From this rapid assessment, it can be concluded that the present and ongoing impact of climate change potentially threatens coffee production and its sustainability in Aceh Tengah and Bener Meriah. This reflects that their livelihoods in general are seriously affected and can potentially lead to a more serious impact on their family welfare.

In this rain-fed coffee farming area, climate change is affecting smallholder coffee producers at an alarming level. Rising temperatures, erratic and extreme rainfall, strong wind, prolonged drought, water shortage, changing weather patterns, and changes in seasons have a strong impact on coffee farming and farmers’ households. Loss of harvest, death of coffee trees, increase and new pest invasion posing threat to the quality of the coffee bean and significant drop of yields.

This leaves the farmers with the option to either adapt and mitigate the risk to sustain coffee farming as their livelihood or to succumb and look for other livelihood options.  This also poses potential threats to coffee sustainability, which can not only affect the coffee farmers but also all the actors involved in the entire supply chain. Hence, this situation must be anticipated, and farmers should not be left alone.

The research confirms the need for sufficient efforts to strengthen farmers’ responses to climate change adaptation and risk mitigation at the farm level.  The key supports needed by the smallholders are identified as follows:

– Transfer of knowledge and skills on adaptation and mitigation mechanisms applicable to the rural context that can be effectively adopted by smallholders.

– Farmers should not be left on their own in dealing with the impact of climate change. Stakeholders, including research institution, local government institutions, community-based organization, and the nongovernmental organization shall provide supports that are relevant to the farmers’ needs and in line with their respective organizations’ goals and mandates.

In Indonesia, the Coffee Development Plan, small producer organisations are being supported with a focus on the empowerment of young farmers in the Gayo Highland to develop climate change adaptation and risk mitigation strategies in coffee farming. The project will benefit 10 coffee producer organizations, with about 500 smallholder households (25% women).
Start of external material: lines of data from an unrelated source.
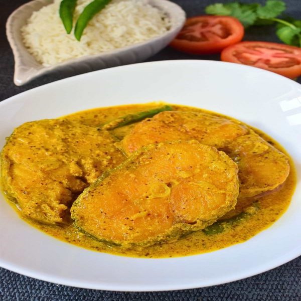 Fresh fish served in a creamy, tart yogurt gravy has delicate flavors. It’s light and wonderful with steamed rice for lighter fish curry.
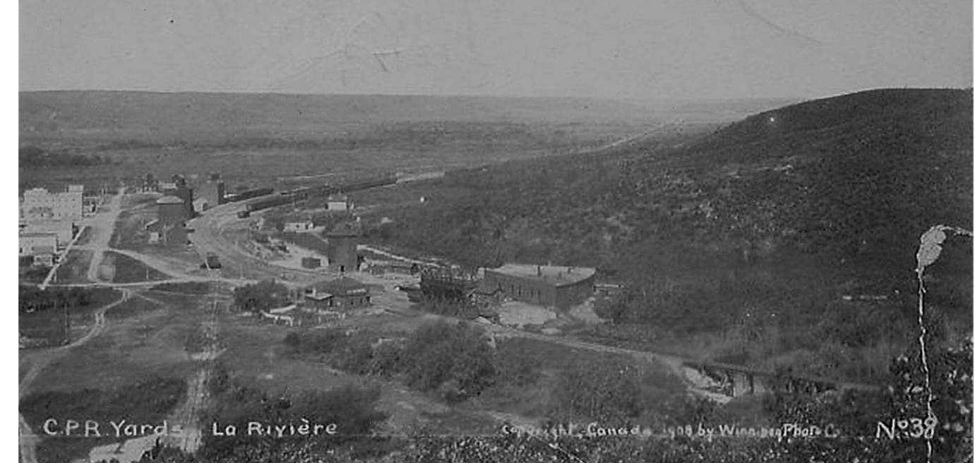 About 1908, CPR La Riviere Sub. mile 111; CPR Napinka Sub. mile 0, division point. View – looking E.to W. Notice track as well as road to brickyard in left foreground. Trestle across Mary-Jane Creek in right foreground. Centre – l.to r. station, coal dock, machine shop/4 stall engine house with turntable in front (located behind coal dock), water tower, right of water tower is locomotive foreman office supply, 3 grain elevators on curved yard track. Above water tower –left, west section house; directly above water tower is locomotive foreman’s house/engineman’s bunk house. (Click on photo for enlargement) Photo credit: Copyright Winnipeg Photo, – collection of B. Schuff
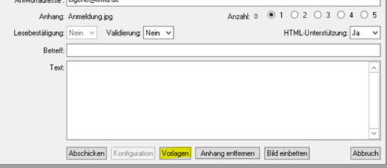 Die Felder Betreff und Text können mit einer Vorlage gefüllt werden. Wählen Sie dazu den Button Vorlagen.
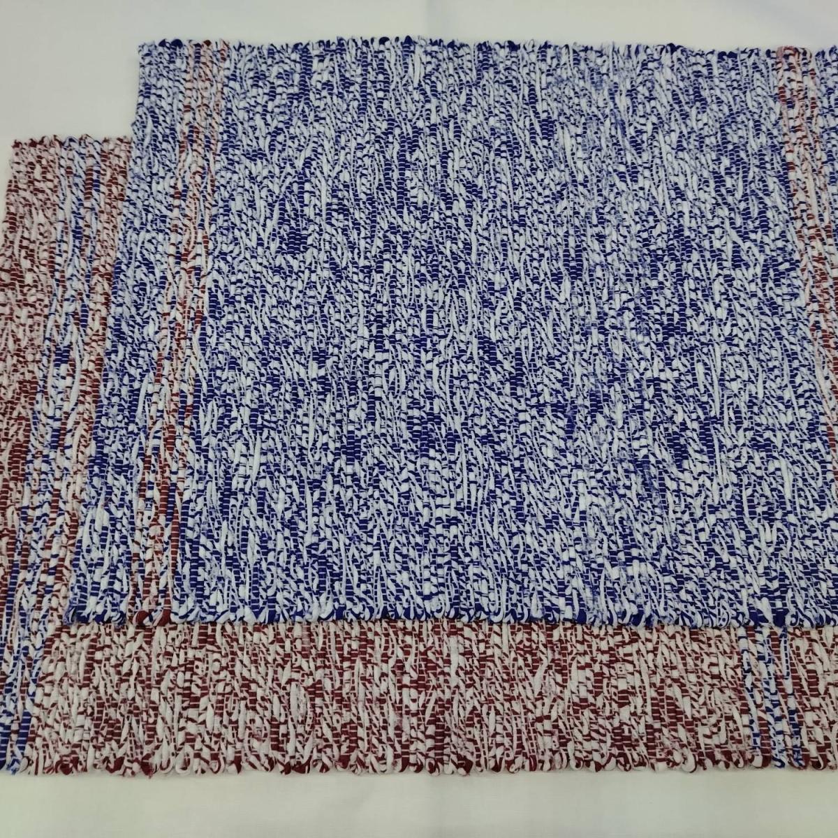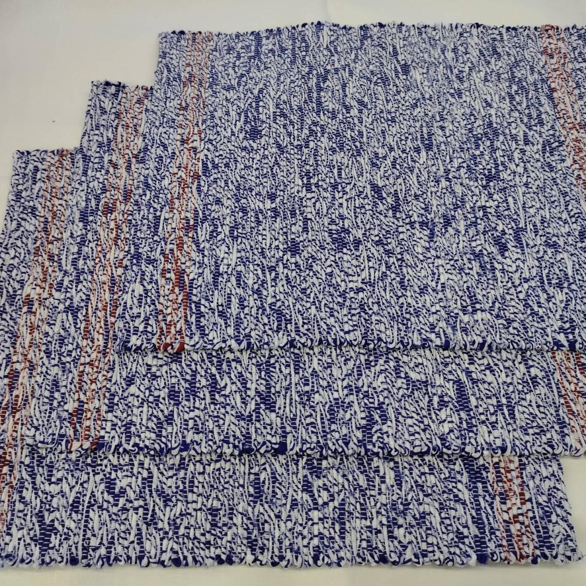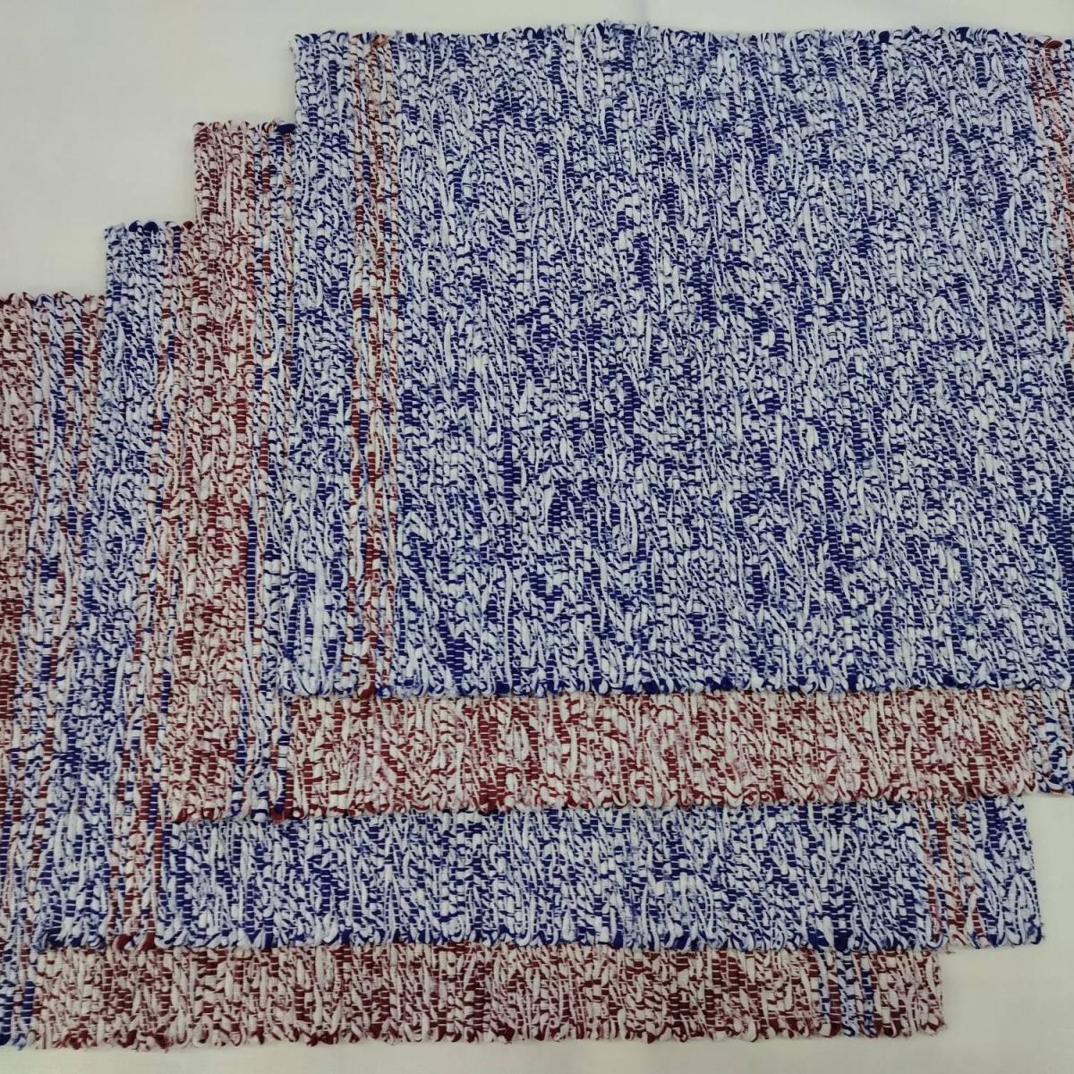 Салфетки, сотканные на ручном ткацком станке из хлопковой ткани в синем, красном и малиновом цвете.

03 Training of Trainers on Climate responsive coffee farming was organised by Fairtrade NAPP for 16 coffee producer organisations.

32 managements and farmers have been trained by the facilitators from the University of Syiah Kuala, Indonesia on:-

  • Climate-responsive coffee farming
  • Coffee nursery management and
  • Land and water conservation, organic fertilizer production, and the uses of GPS camera.

Post the training the participants have gained a understanding of the concept of Climate changes, adoption of climate-responsive innovation in nursery management and changing in land suitability for coffee farming and replanting.

It is important for farmers to receive sufficient information about climate change and potential adaptation and risk mitigation mechanisms. As the climate change poses a potential risk to the lives and livelihood of coffee farmers, it is important them to receive sufficient information about climate change and potential adaptation and risk mitigation mechanisms.  It is important for stakeholders to play their roles and perform their responsibilities in supporting smallholders in adopting resilience and risk mitigation measures.